Are Diamonds Propelling Wars in Africa?
March 15, 2005
It is generally accepted that Africa has had its own fair share of bloodiest wars globally that have nothing to do with liberation struggles.
Unlike the bloody wars on the European continent where the fights have been over power and economic influence, the African situation remains tied around the control over economically advantaged regions.
The fights over such mineral-rich tracts of land were usually instigated after colonial powers left the countries.
From the time of the cold wars to the present time, these wars have not been completely divorced from external economic interests that fueled wars that have ravaged the continent leaving millions of displaced while other have taken refuge in foreign lands.
Among the many theories attempting to explain these wars is the theory of conflict diamonds, which as the name may suggest are diamonds illegally mined or sold to finance some of Africa's worst civil wars.
And for a long time, the world watched while in some cases, major economic powers of the world greatly benefited from the sad African situation at the expense of the indigenous people whose huts were built on top of the huge diamond deposits and yet remained on the extreme side of the poverty equation.
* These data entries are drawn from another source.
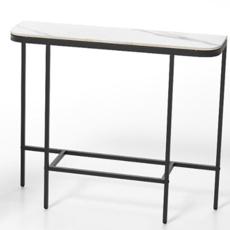 The white faux marble top paired with a gold/black metal frame brings a contemporary feel, making it a perfect accent table for hallways, foyers or behind sofas. Its sturdy metal frame with reinforced crossbars and adjustable foot pads provides reliable stability, while 2 anti-toppling devices and rounded corners ensure enhanced safety throughout your home. The spacious tabletop offers plenty of room to organize essentials or display decorative items, keeping belongings easily accessible and neatly arranged as a versatile console sofa table. Chic White and Gold Design: The white faux marble top paired with a gold metal frame creates a modern and elegant entryway table that enhances the overall aesthetic of your home, adding a contemporary feel to your living space.Chic White and Black Design: The white faux marble top paired with a black metal frame creates a modern and elegant entryway table that enhances the overall aesthetic of your home, adding a contemporary feel to your living space.Spacious Tabletop Surface: This console sofa table provides a large surface, ideal for displaying decorations, organizing essentials or placing frequently used items conveniently within reach.Robust Construction: The behind couch table features a strong metal frame reinforced with crossbars for dependable support. Additionally, the adjustable foot pads maintain balance for extra stability.Enhanced Safety for Reliability: Equipped with 2 anti-toppling devices to secure the entrance table firmly in place, it offers enhanced safety for homes with children or pets. Plus, the rounded corners add an extra layer of protection.Versatile Use for Multiple Spaces: The accent table fits perfectly in your entryway or living room, serving as a functional and decorative piece. Moreover, the smooth surface allows for convenient cleaning. Specification:Color: White and Gold/White and BlackMaterial: Metal, Sintered StoneOverall Dimensions: 110 x 30 x 91 cm (L x W x H)Net Weight: 12 kgWeight Capacity: 30 kgBox QTY: 1(May vary by batch)Is Assembly Required: Yes Package includes:1 x Console Table1 x Instruction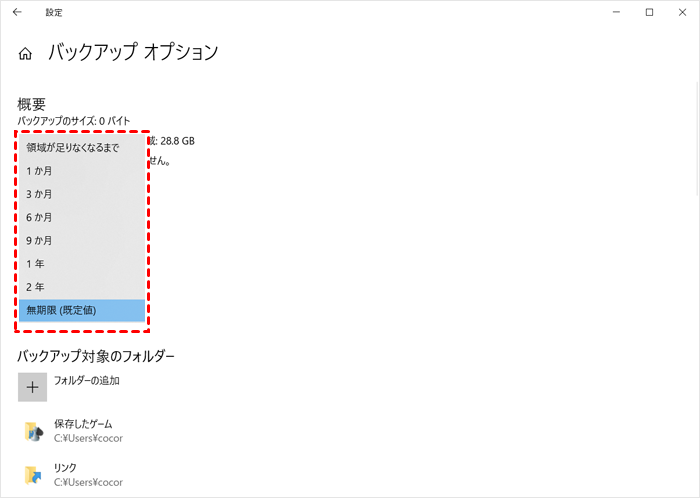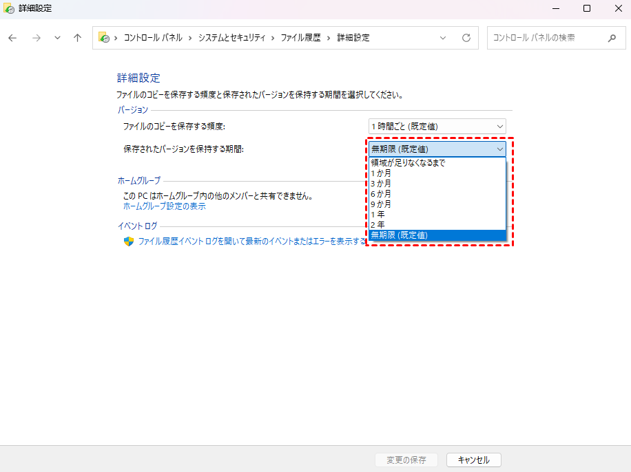ファイル履歴のバージョンはどのくらい保存されるのか?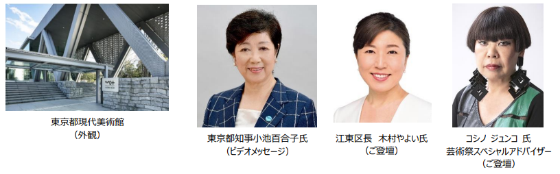 現代美術の聖地、東京都現代美術館にて芸術祭のスタートを飾るオープニングセレモニーを開催します。セレモニーには第1回(2020年)よりスペシャルアドバイザーとしてサポートいただいているコシノ ジュンコ氏をはじめ、江東区初の女性区長に選ばれた木村やよい氏にもご出席いただくほか、東京都知事の小池百合子氏からもビデオメッセージをいただきます。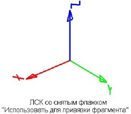 Однако не все ЛСК, созданные в документе 3D фрагмента, можно выбрать в качестве исходной системы координат фрагмента. В качестве исходной системы координат можно будет выбрать только те ЛСК, которые помечены как используемые для привязки фрагмента. Данный параметр задаётся в свойствах ЛСК при её создании или редактировании.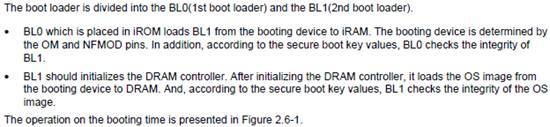 BL0程序在iROM中,三星保密。功能:從啟動設備(比如nand flash)加載BL1(u-boot的前16K)到iRAM。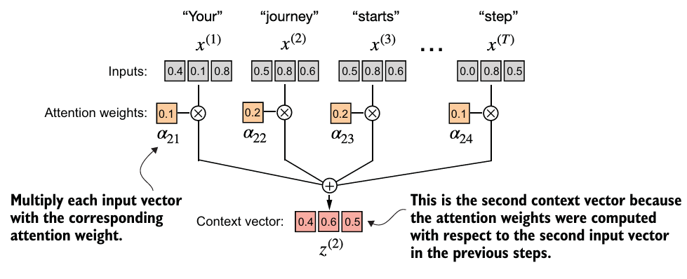 torch.softmax()를 이용한다.attn_weights_2 = torch.softmax(attn_scores_2, dim=0)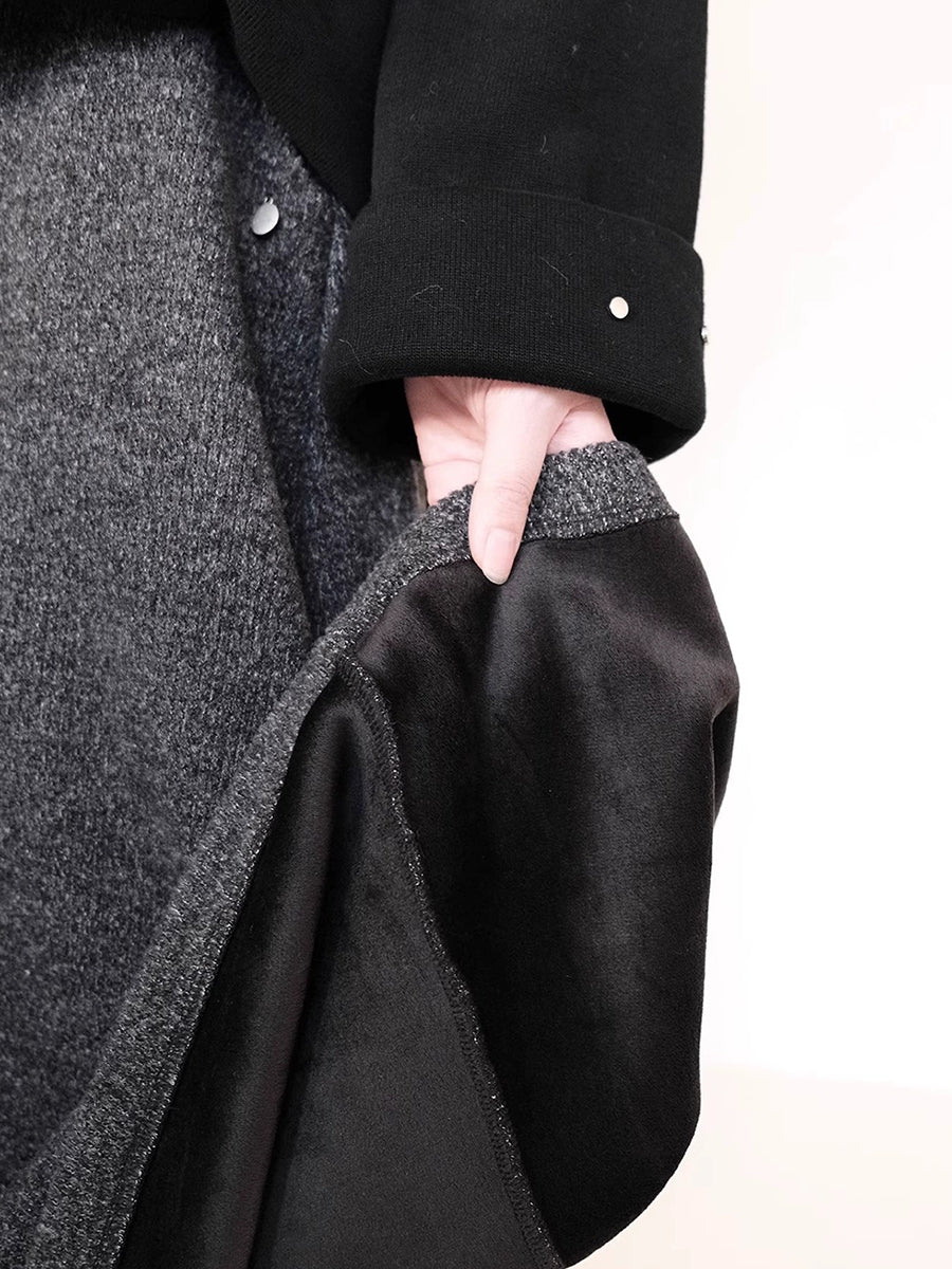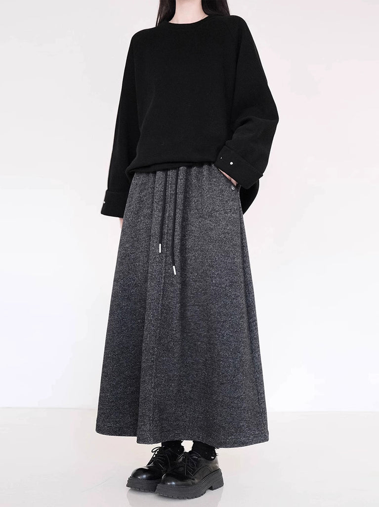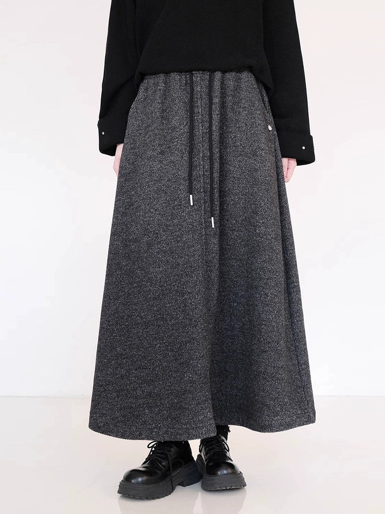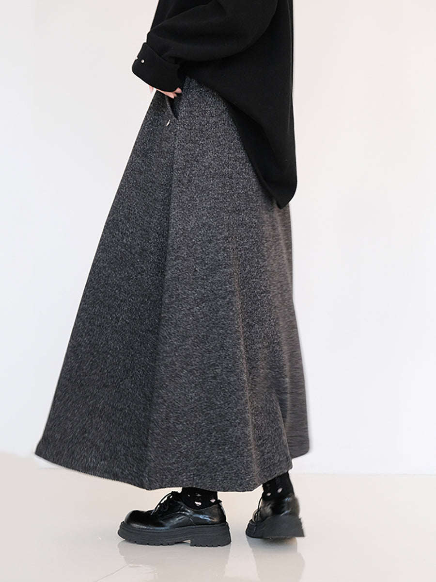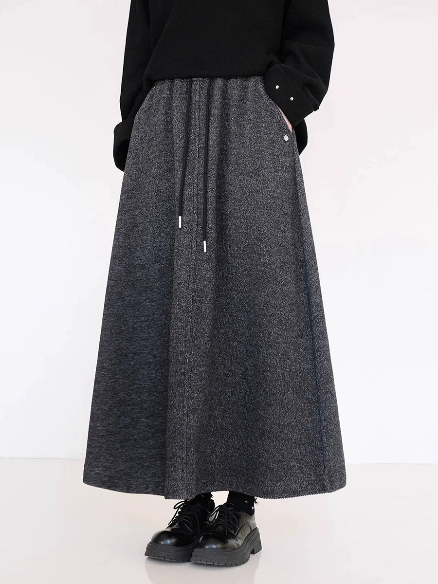 Women Winter Fleece-lined Pure Color A-Shape Skirt

The situation in Zambia's northern neighbour, the Democratic Republic of Congo, Congo Brazzaville, Angola, Sierra Leone and Liberia are some of the living testimonies of the atrocities that besieged the continent just because it has a rich mineral resource capable of starting the continental economic boom but only when they were used to the benefit of the locals in peaceful manner.
But after years of such devastating wars, movements have emerged aimed at addressing this problem with a clear realisation that it is the rough diamonds mined by rebel movements in the war torn countries that were used to fuel conflicts.